[Exercise aim] From the first line of the material below through the line containing "Abstract blue and white mosaic pixel pattern", print every line exactly as it stands, but no pictures.

[Input data]
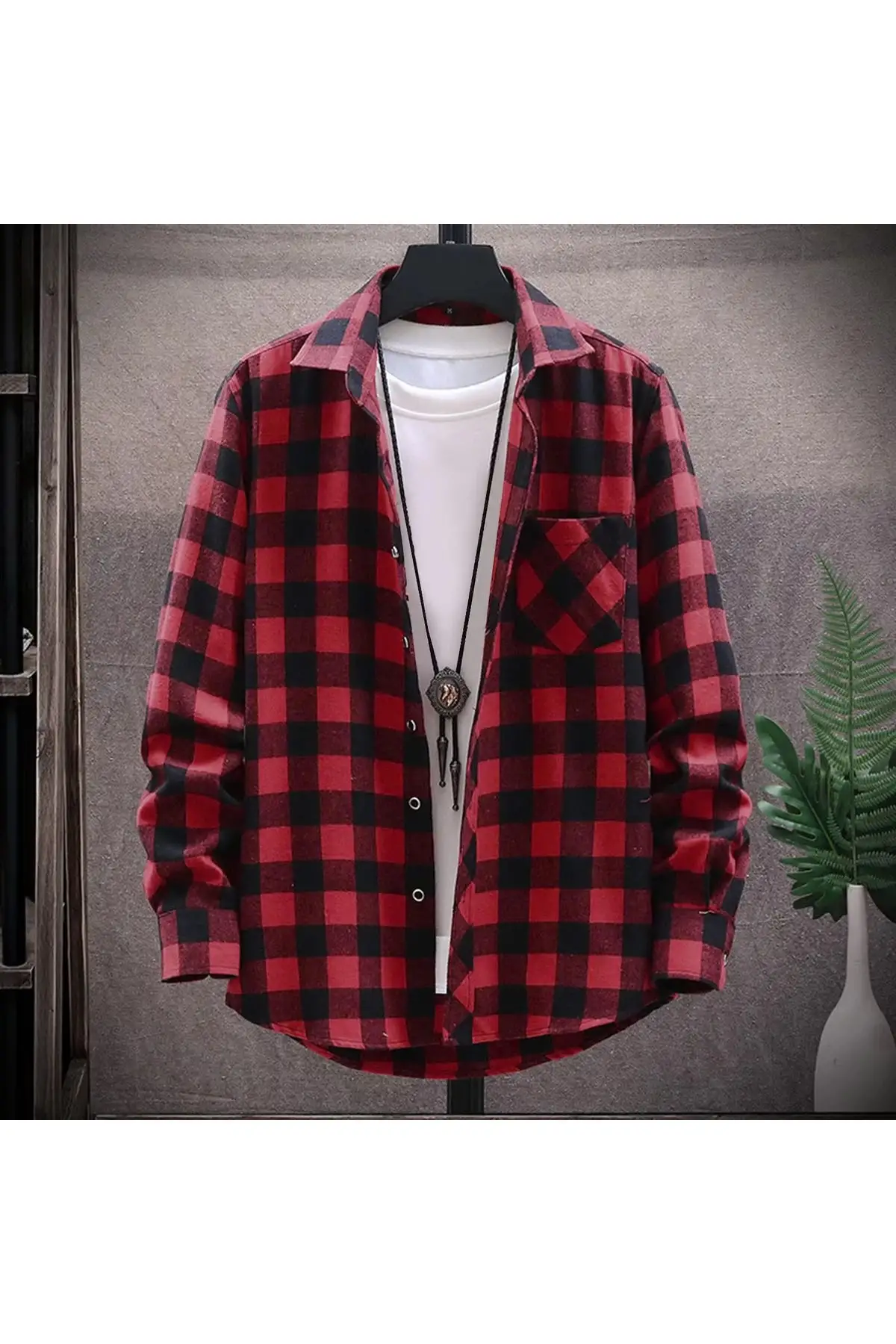 Kırmızı Ekoseli Siyah Oversize Kalıp Oduncu Gömlek
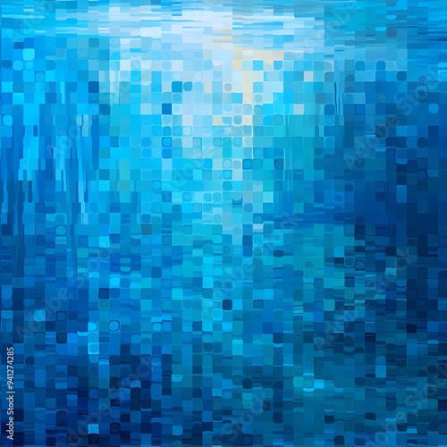 Abstract blue and white mosaic pixel pattern
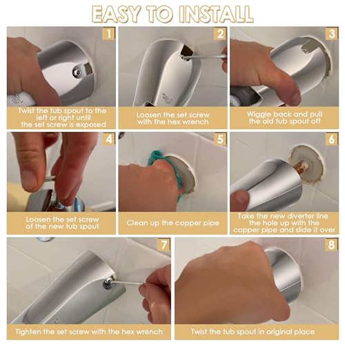 • Slip on Tub Spout with Diverter, Compatible with American Standard 8888026.002 Tub Spout, Bathroom Bathtub Faucet, Fits 1/2" Copper Water Tube(5/8" Dia), 5/32" Hex Wrench(Brushed Nickel,2)

[Answer to the exercise]
 Kırmızı Ekoseli Siyah Oversize Kalıp Oduncu Gömlek
 Abstract blue and white mosaic pixel pattern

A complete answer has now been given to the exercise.